Compounds were dissolved in 0.3% dimethyl sulfoxide and then added to potato dextrose agar medium just prior to dispensing it into petri dishes. 5 mL medium with the compound in the desired concentration was dispensed into 60 mm sterile petri-plates. After solidification each plate was seeded with a 5 mm size mycelial disc taken from the periphery of actively growing virulent culture plates. Plates were incubated in growth chambers at 25 °C and 60% relative humidity for seven days and radial growth was measured. Compounds 14 40 41 44 76 81 82 85

103 123 135 137 138 142 156 157 159 160 162 163

167 168 170 178 179 181 182 184 185 188 189 194 199 at 300 ppm gave more than 70% control in these tests when compared to the untreated check which showed extensive disease development.

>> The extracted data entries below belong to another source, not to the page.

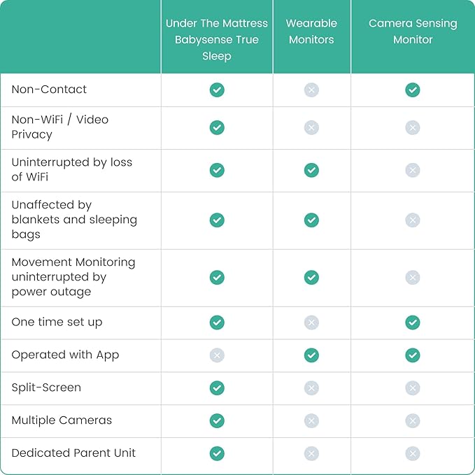 • Under-The-Mattress Movement Monitoring: Now with enhanced sensitivity - This highly sensitive non-touch device monitors a baby's micro-movements through the mattress. It includes two sensor pads to cover the entire crib area without touching the baby or disrupting the baby's sleep.
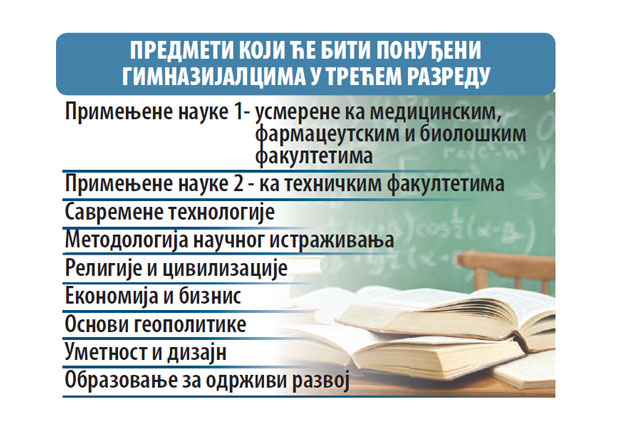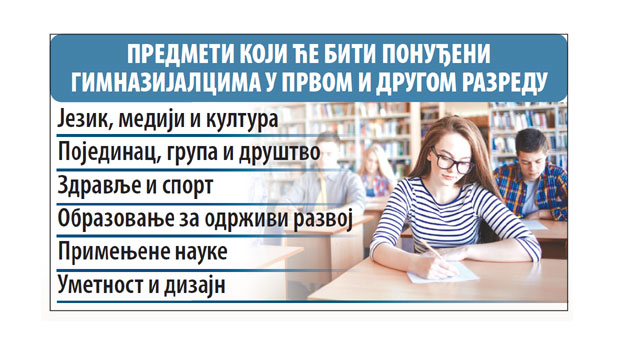 Novine se ne odnose na sadašnje gimnazijalce, već na one koji će tek da sednu u klupe. Oni će već u septembru moći da biraju između predmeta: Jezik, mediji i kultura, Pojedinac, grupa i društvo, Zdravlje i sport, Obrazovanje za održivi razvoj, Primenjene nauke, Umetnost i dizajn.
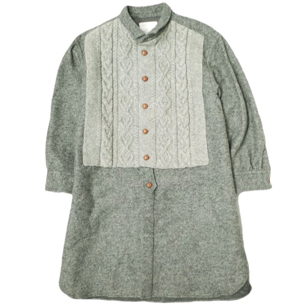 ウールボディのシャツワンピースをベースに、フロントにケーブルニットをドッキングさせています。
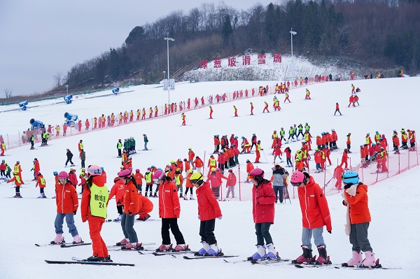 湖北省巴東縣挖掘冰雪資源優(yōu)勢(shì),推動(dòng)冰雪產(chǎn)業(yè)與生態(tài)文化旅游業(yè)深度融合。圖為該縣綠蔥坡滑雪場(chǎng)內(nèi),人們正在體驗(yàn)冰雪運(yùn)動(dòng)的魅力。(湖北省恩施土家族苗族自治州巴東縣紀(jì)委監(jiān)委供 譚平 攝)
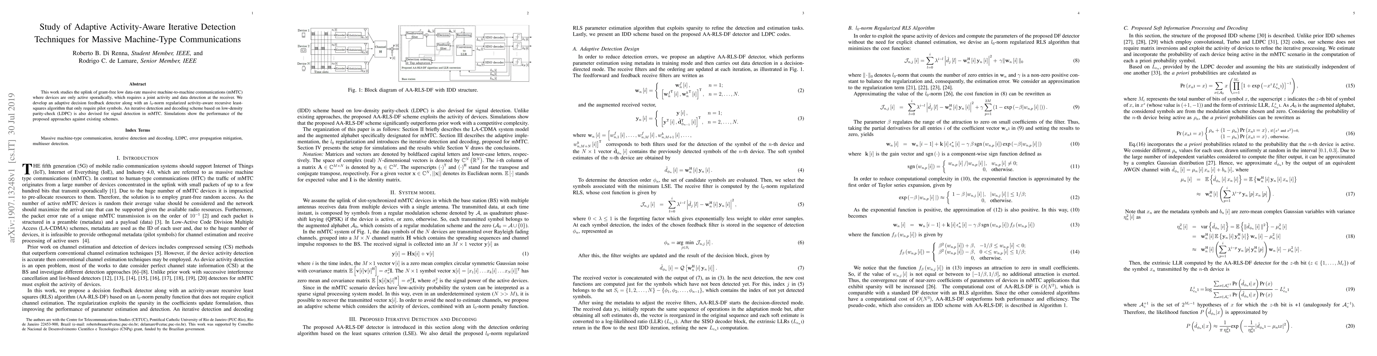 This work studies the uplink of grant-free low data-rate massive machine-to-machine communications (mMTC) where devices are only active sporadically, which requires a joint activity and data detection at the receiver. We develop an adaptive decision feedback detector along with an $l_0$-norm regularized activity-aware recursive least-squares algorithm that only require pilot symbols. An iterative detection and decoding scheme based on low-density parity-check (LDPC) is also devised for signal detection in mMTC. Simulations show the performance of the proposed approaches against existing schemes.

Example 6: Corynespora cassicola (Leaf spot of tomato):

Compounds were dissolved in 0.3% dimethyl sulfoxide and then added to potato dextrose agar medium just prior to dispensing it into petri dishes. 5 mL medium with the compound in the desired concentration was dispensed into 60 mm sterile petri-plates. After solidification each plate was seeded with a 5 mm size mycelial disc taken from the periphery of actively growing virulent culture plates. Plates were incubated in growth chambers at 25 °C and 70% relative humidity for seven days and radial growth was measured. Compounds 13 44 56 76 81 82 135 161 163 167 168 180 194 205 at 300 ppm gave more than 70% control in these tests when compared to the untreated check which showed extensive disease development.

Having described the invention with reference to certain preferred aspects, other aspects will become apparent to one skilled in the art from consideration of the specification. It will be apparent to those skilled in the art that many modifications, both to materials and methods, may be practiced without departing from the scope of the invention.